MATERIAL FOR THIS TASK:
=== Begin Enclosure ===

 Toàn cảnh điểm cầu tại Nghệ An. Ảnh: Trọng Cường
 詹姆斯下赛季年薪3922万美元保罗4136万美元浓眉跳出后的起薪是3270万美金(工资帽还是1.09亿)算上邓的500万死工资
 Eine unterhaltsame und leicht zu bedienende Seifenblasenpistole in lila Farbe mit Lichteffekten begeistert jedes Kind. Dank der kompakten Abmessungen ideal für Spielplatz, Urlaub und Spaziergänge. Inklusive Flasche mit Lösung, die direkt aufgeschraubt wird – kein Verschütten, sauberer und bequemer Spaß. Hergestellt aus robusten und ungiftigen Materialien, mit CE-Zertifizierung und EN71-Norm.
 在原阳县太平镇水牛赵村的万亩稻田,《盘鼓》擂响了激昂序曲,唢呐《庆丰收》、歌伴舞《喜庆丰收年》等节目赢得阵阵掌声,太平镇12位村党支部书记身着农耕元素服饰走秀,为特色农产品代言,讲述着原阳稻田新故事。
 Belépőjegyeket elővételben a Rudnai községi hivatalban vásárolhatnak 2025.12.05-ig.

=== End Enclosure ===
=== Begin Enclosure ===

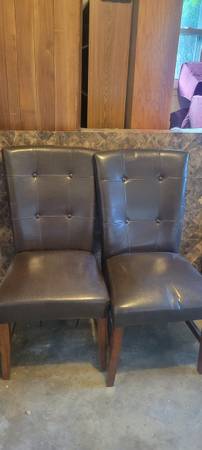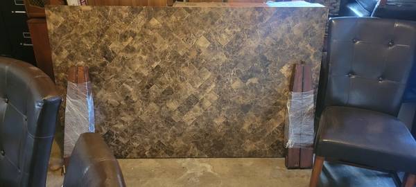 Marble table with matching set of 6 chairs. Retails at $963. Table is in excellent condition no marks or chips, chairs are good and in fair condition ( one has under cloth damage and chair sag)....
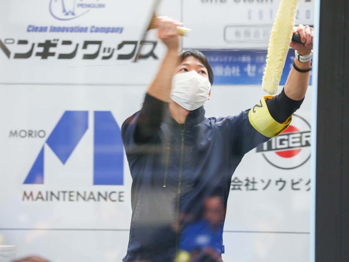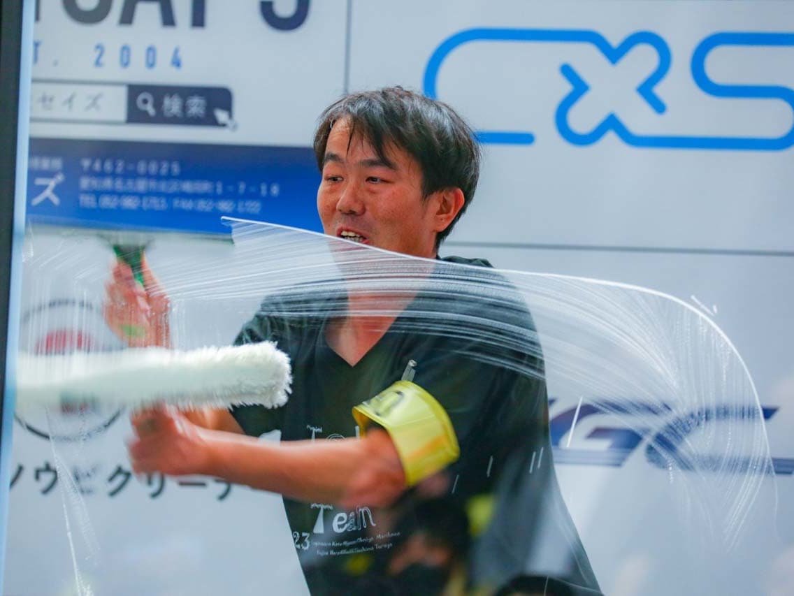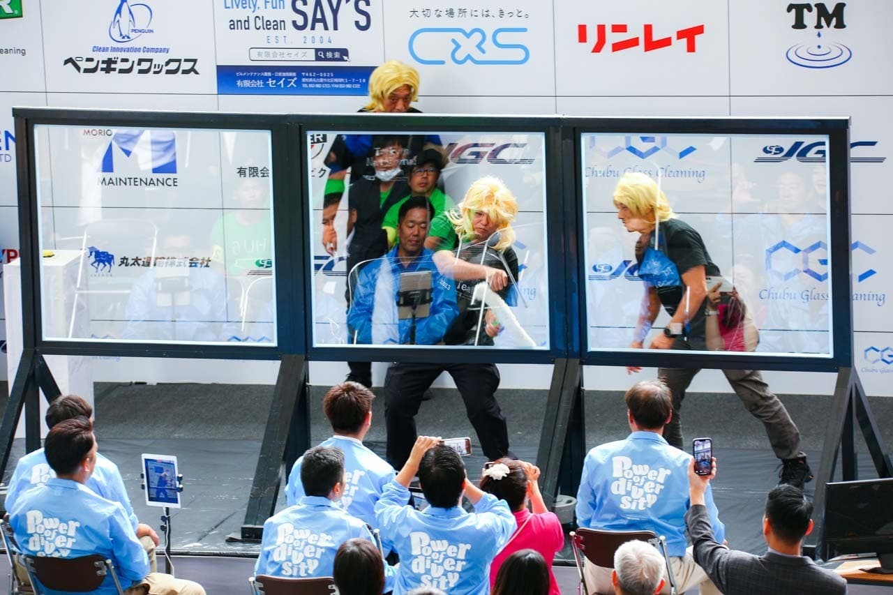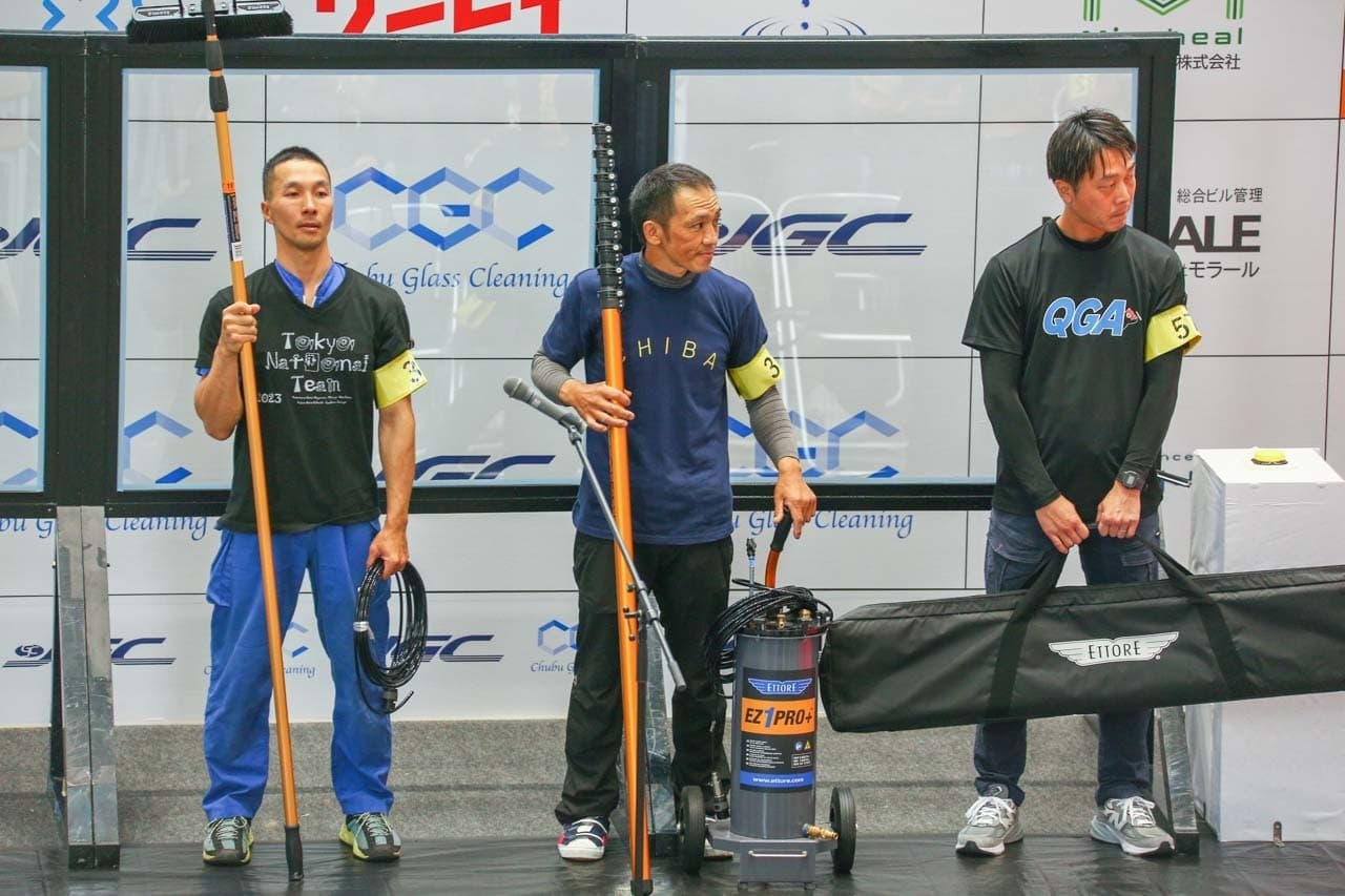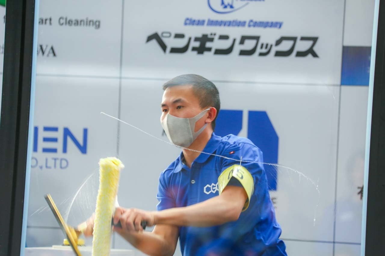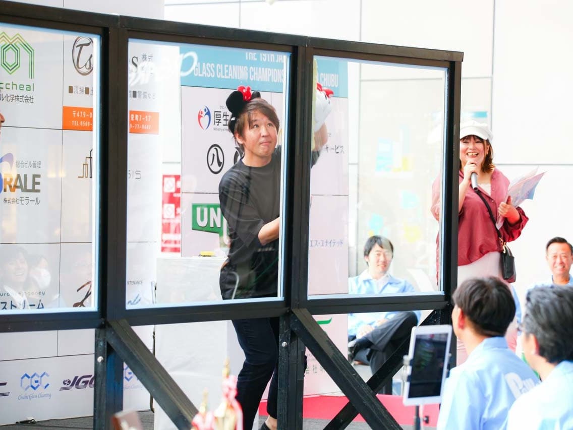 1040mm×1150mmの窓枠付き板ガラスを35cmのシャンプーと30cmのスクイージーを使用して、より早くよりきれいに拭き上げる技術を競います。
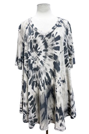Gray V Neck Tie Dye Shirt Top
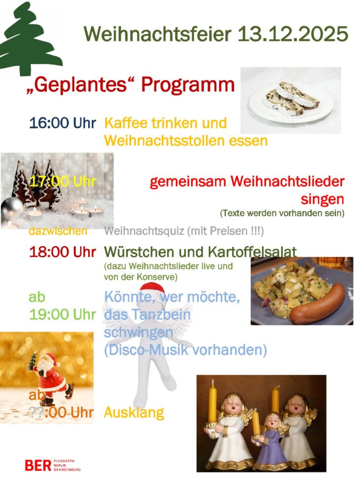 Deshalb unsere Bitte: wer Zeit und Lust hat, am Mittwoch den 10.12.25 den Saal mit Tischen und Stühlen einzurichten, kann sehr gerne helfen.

=== End Enclosure ===
=== Begin Enclosure ===

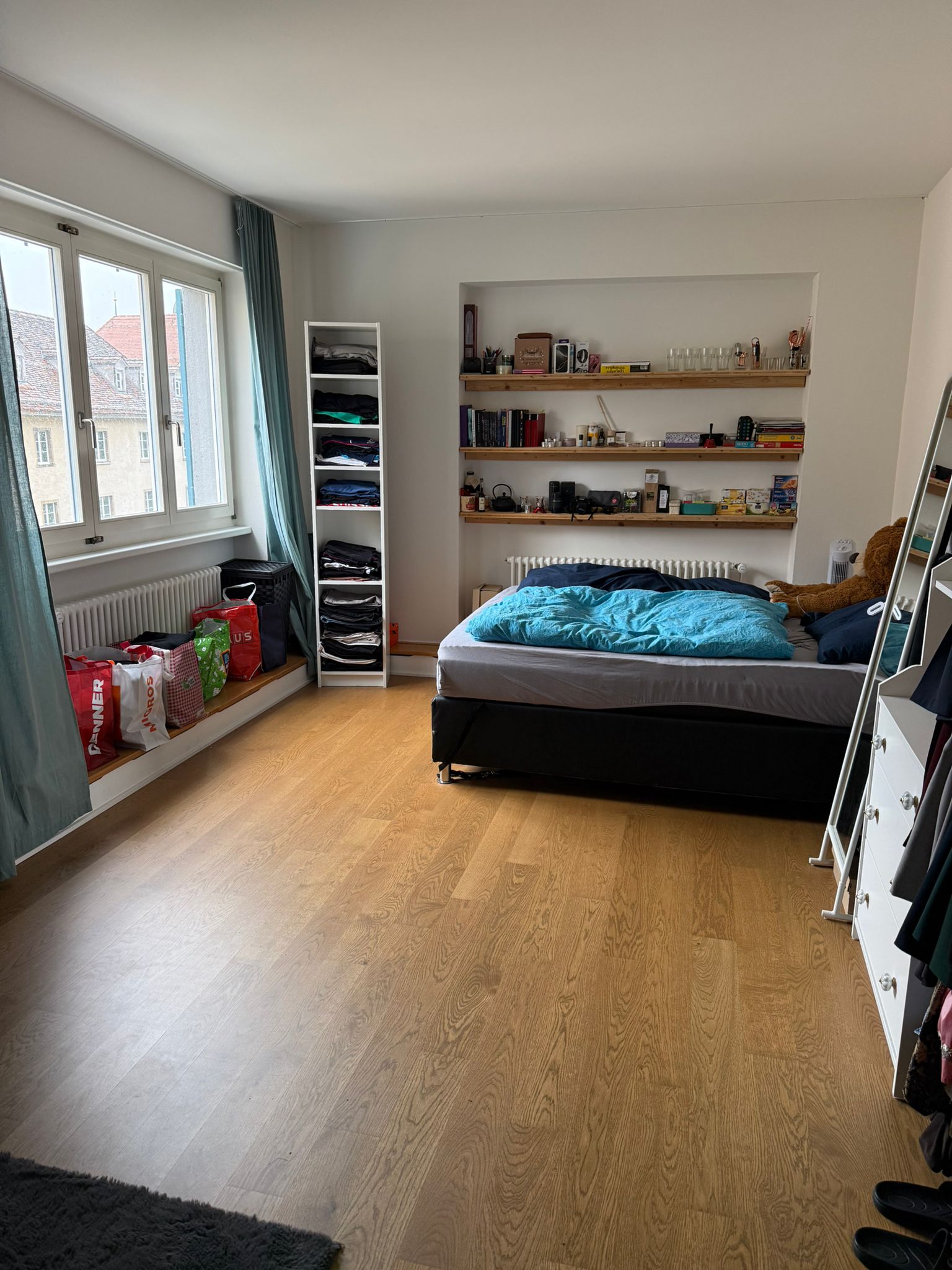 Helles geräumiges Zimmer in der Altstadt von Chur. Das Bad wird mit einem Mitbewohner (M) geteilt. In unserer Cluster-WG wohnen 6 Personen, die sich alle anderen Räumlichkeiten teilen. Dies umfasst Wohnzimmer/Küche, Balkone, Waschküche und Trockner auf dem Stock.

=== End Enclosure ===

DIRECTIONS: In the records above, find the line with "Gray V Neck Tie Dye Shirt Top" and the line with "Deshalb unsere Bitte: wer". Write out exactly those lines and every one between, with no pictures and no other lines.

SOLUTION TO THIS TASK:
Gray V Neck Tie Dye Shirt Top
 Deshalb unsere Bitte: wer Zeit und Lust hat, am Mittwoch den 10.12.25 den Saal mit Tischen und Stühlen einzurichten, kann sehr gerne helfen.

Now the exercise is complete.